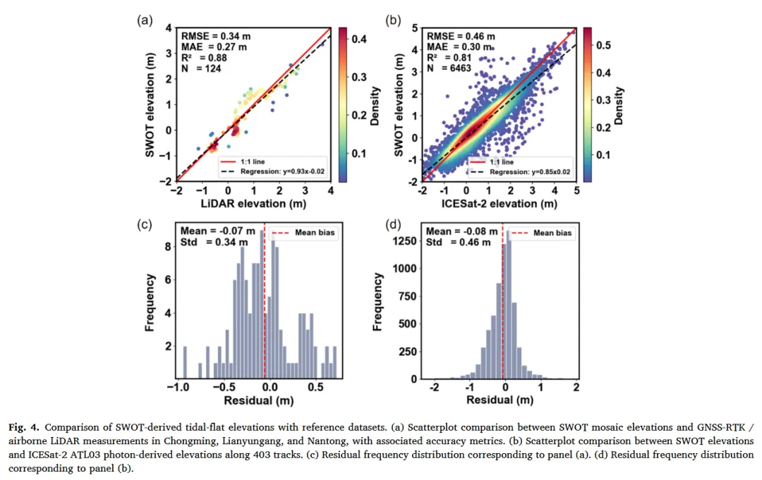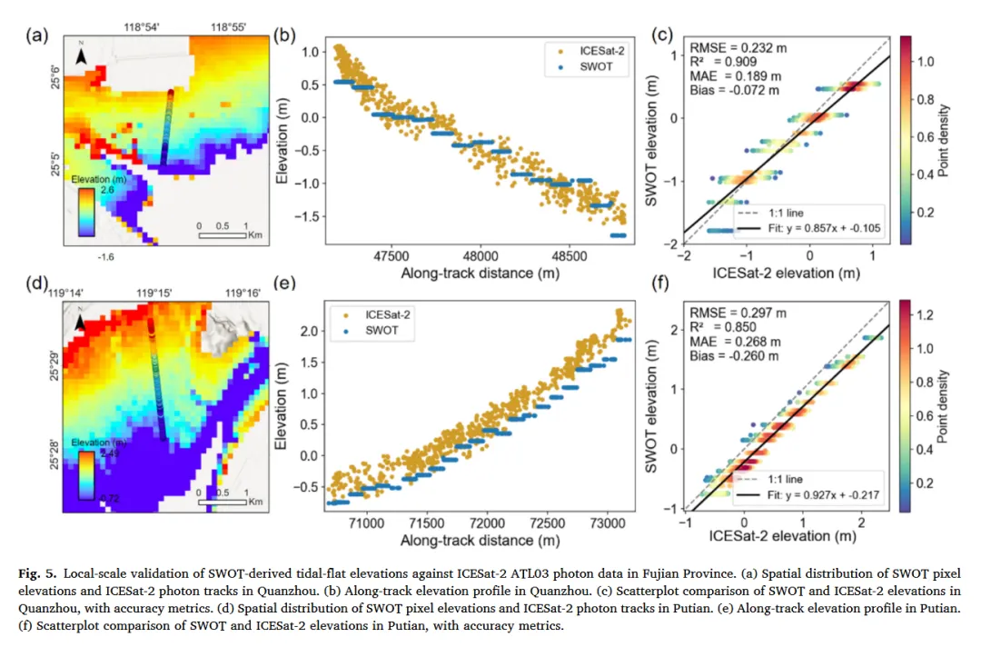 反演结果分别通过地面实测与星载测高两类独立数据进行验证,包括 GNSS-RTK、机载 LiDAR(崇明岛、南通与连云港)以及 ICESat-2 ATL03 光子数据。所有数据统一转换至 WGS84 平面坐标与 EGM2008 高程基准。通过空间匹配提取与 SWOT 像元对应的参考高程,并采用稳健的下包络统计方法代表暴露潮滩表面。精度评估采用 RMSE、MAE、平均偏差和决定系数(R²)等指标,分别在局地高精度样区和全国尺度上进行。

⁂

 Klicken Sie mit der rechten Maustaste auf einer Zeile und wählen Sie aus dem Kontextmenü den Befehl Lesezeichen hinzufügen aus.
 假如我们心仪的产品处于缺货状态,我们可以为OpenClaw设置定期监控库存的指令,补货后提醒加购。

⁂

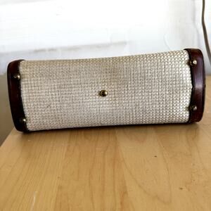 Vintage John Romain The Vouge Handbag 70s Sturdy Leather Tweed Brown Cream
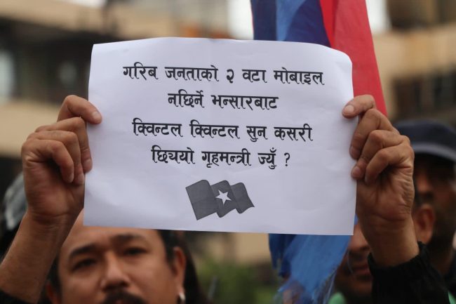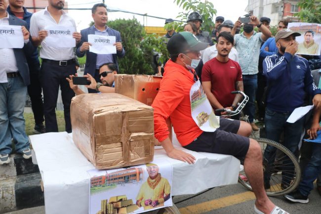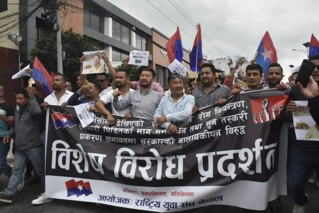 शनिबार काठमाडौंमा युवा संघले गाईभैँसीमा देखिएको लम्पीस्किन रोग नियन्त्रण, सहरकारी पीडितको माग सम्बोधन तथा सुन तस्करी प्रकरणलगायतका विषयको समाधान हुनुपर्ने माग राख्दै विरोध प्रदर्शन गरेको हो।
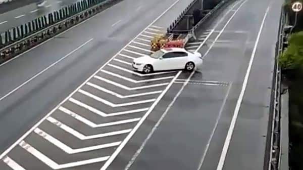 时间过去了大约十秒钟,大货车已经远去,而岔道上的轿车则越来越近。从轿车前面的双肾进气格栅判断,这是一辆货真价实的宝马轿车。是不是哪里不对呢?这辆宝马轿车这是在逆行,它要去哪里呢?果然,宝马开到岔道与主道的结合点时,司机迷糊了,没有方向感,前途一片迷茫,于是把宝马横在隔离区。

⁂

• Aim of the exercise
In the data above, take the line with "Vintage John Romain", the line with "शनिबार काठमाडौंमा युवा", and every line between, and set them down exactly without pictures.

• Your solution
 Vintage John Romain The Vouge Handbag 70s Sturdy Leather Tweed Brown Cream
 शनिबार काठमाडौंमा युवा संघले गाईभैँसीमा देखिएको लम्पीस्किन रोग नियन्त्रण, सहरकारी पीडितको माग सम्बोधन तथा सुन तस्करी प्रकरणलगायतका विषयको समाधान हुनुपर्ने माग राख्दै विरोध प्रदर्शन गरेको हो।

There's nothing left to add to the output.